By Haji Msangi and Betty Waized (Sokoine University of Agriculture), Jonas Cromwell, Susannah Sallu, Ruth Smith and Stephen Whitfield (University of Leeds)

August 1, 2023

The agricultural sector in Tanzania is vital to the country's economy, providing employment, income generation, and food security. However, it faces challenges such as climate change, population pressures, and soil degradation, necessitating innovative approaches for sustainable agricultural development. In the Tanga region of Tanzania, there has been a noticeable shift from traditionally important crops to horticultural value chains, offering opportunities for improving nutrition security, income streams, and high-value market access. The FoSTA-Health project will  examine the transformation of agricultural value chains in the Tanga region, focusing on the dynamics and implications of the shift towards export-oriented horticulture. The goal is to understand the governance structures, market engagement, agricultural practices, social relationships, and livelihood dynamics within these value chains.

The project will employ a mixed research approach, including grounded empirical analysis, local expert reviews, surveys, key informant interviews and focus group discussions. Initial findings from scoping visits, evidence synthesis, and stakeholder consultations highlight the emerging and declining value chains in Tanga, with a specific emphasis on the transition from traditionally important crops like maize and coffee to high-value horticultural crops. Emerging value chains include fresh fruits (avocados), vegetables (snow peas), and spices (cloves, cardamom, cinnamon and black peppers) with an export focus. This shift is driven by factors such as climate change, low maize productivity, diminishing land frontiers, and increased global demand for horticultural products. The transition to horticulture has contributed to the agriculture sector's growth in Tanga and has the potential to transform food systems while enhancing climate resilience. The governance of horticultural production, processing, sale, and trade in Tanga involves a combination of legal rules, public and private market standards, and informal rules and norms.

Public standards set by institutions like the Tanzania Bureau of Standards (TBS) and the Tropical Pesticides and Research Institute (TPRI) aim to ensure safety and quality of produce. Private standards, established by individual companies or groups, tend to be more stringent in ensuring compliance to certain quality standards. Informal rules and norms also play a significant role, shaping relationships and conduct within the supply chains. While policies and regulations have been set in place and implemented by the responsible government authorities, effective enforcement remains a challenge. Compliance with food safety and quality standards is essential for market access, particularly for emerging export-oriented value chains like avocados and spices. Informal relationships based on trust and long-term trading are common but can also be exploitative. Engaging in export-oriented horticultural value chains presents opportunities and challenges for farmers in Tanga. Access to higher-value markets, increased demand, and potential premium prices contribute to improved livelihoods. Nonetheless, export-oriented production requires adherence to stringent food safety and quality standards, leading to the adoption of Good Agricultural Practices (GAP).
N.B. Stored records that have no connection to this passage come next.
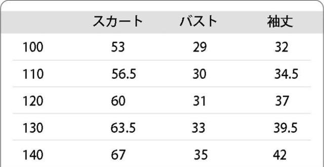 | サイズについての説明 | 【サイズ】 100 スカート53 バスト29 袖丈32 110 スカート56.5 バスト30 袖丈34.5 120 スカート60 バスト31 袖丈37 130 スカート63.5 バスト33 袖丈39.5 140 スカート67 バスト35 袖丈42 |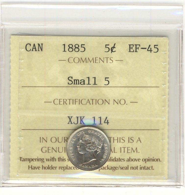 1885 5¢ Sml 5 ICCS EF45. Bright lustre, looks better.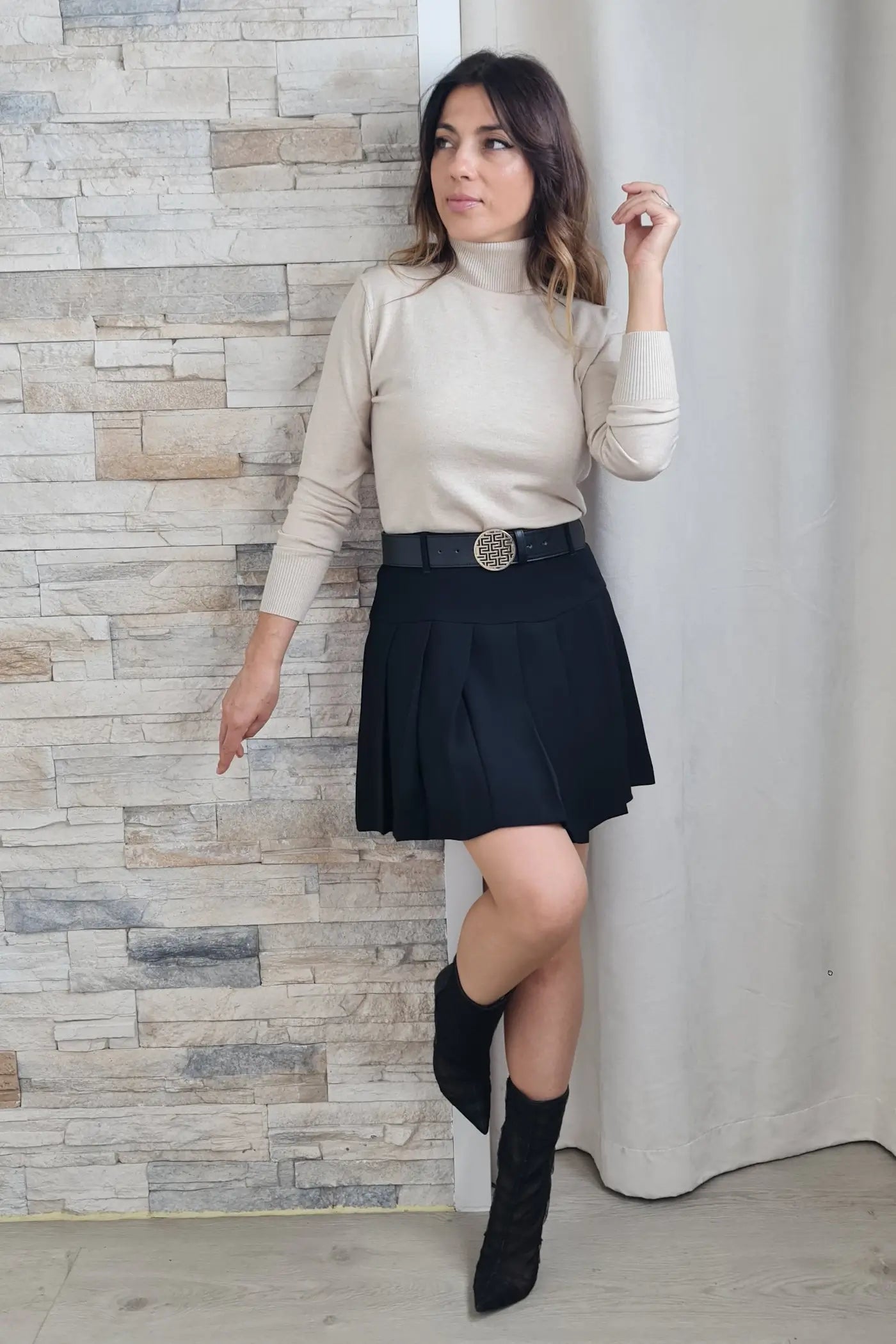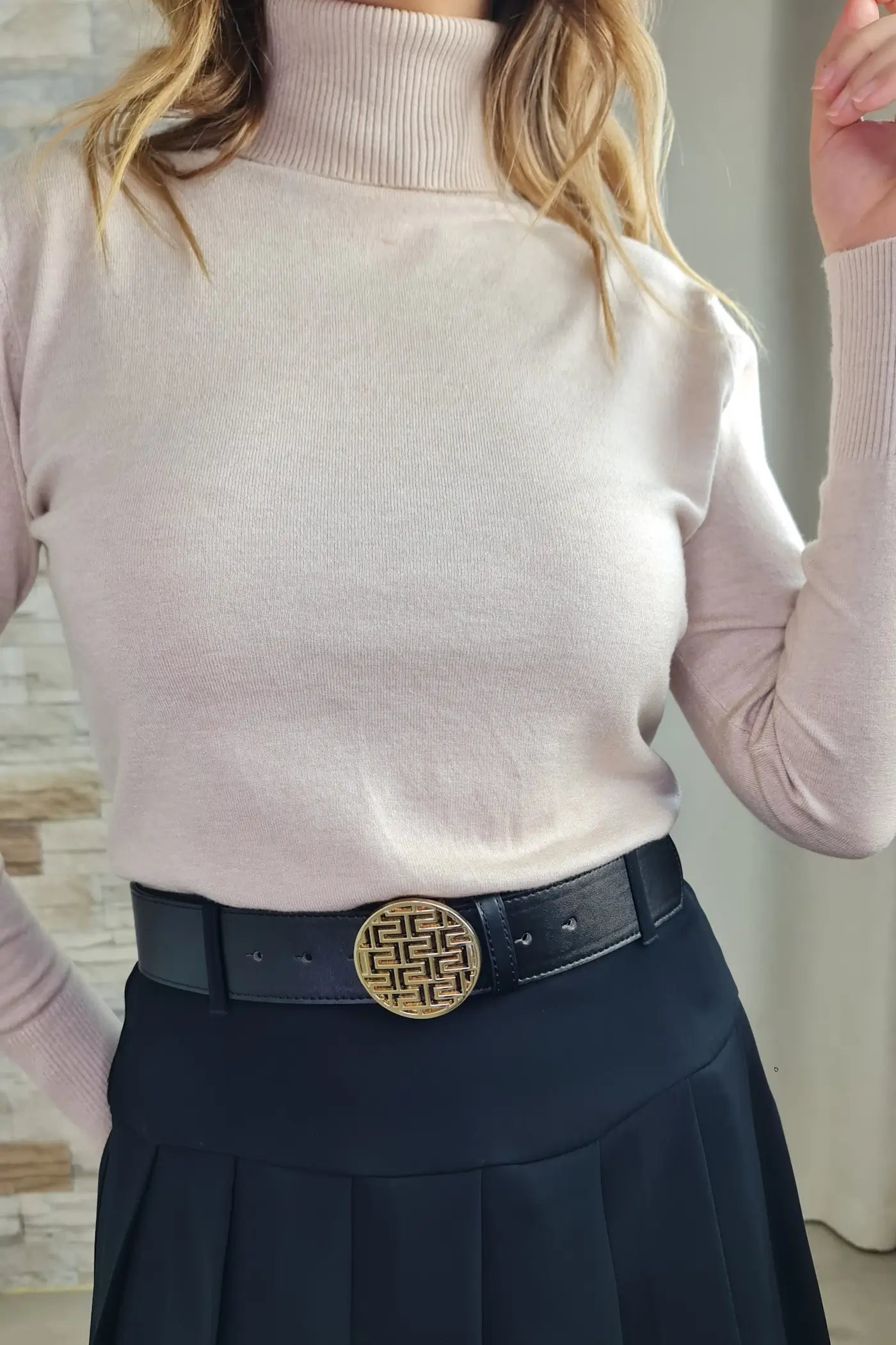 Ao vestir esta camisola, a sua cor bege, que evoca a serenidade de um dia calmo, proporciona uma sensação de calma e otimismo. O seu corte justo e a gola alta, confere-lhe um visual elegante e confiante, sem comprometer o conforto. O seu design versátil e elegante permite que a use em diversas ocasiões, seja para um encontro de trabalho a um almoço com amigas.

Challenges include unhygienic handling (in the form of contaminated production and processing environment) increasing the food safety concerns, inadequate enforcement of rules and regulations, unsafe food (export market rejects) entering domestic markets, and low awareness among local consumers on the potential dangers posed by such foods.

 FoSTA-Health's preliminary findings have identified evidence gaps, including an understanding of the role of informal rules and norms in governing export-oriented commercial production, assessing the effectiveness of governance mechanisms in ensuring compliance with Sanitary and Phytosanitary (SPS) measures, and evaluating the transformative impact of engagement in export markets on domestic food systems. Strategies to improve enforcement, hygiene practices, and quality control measures are crucial for resilient and sustainable food systems in Tanga. (For more information, please see this citrus and avocado supply chains map [May, 2023])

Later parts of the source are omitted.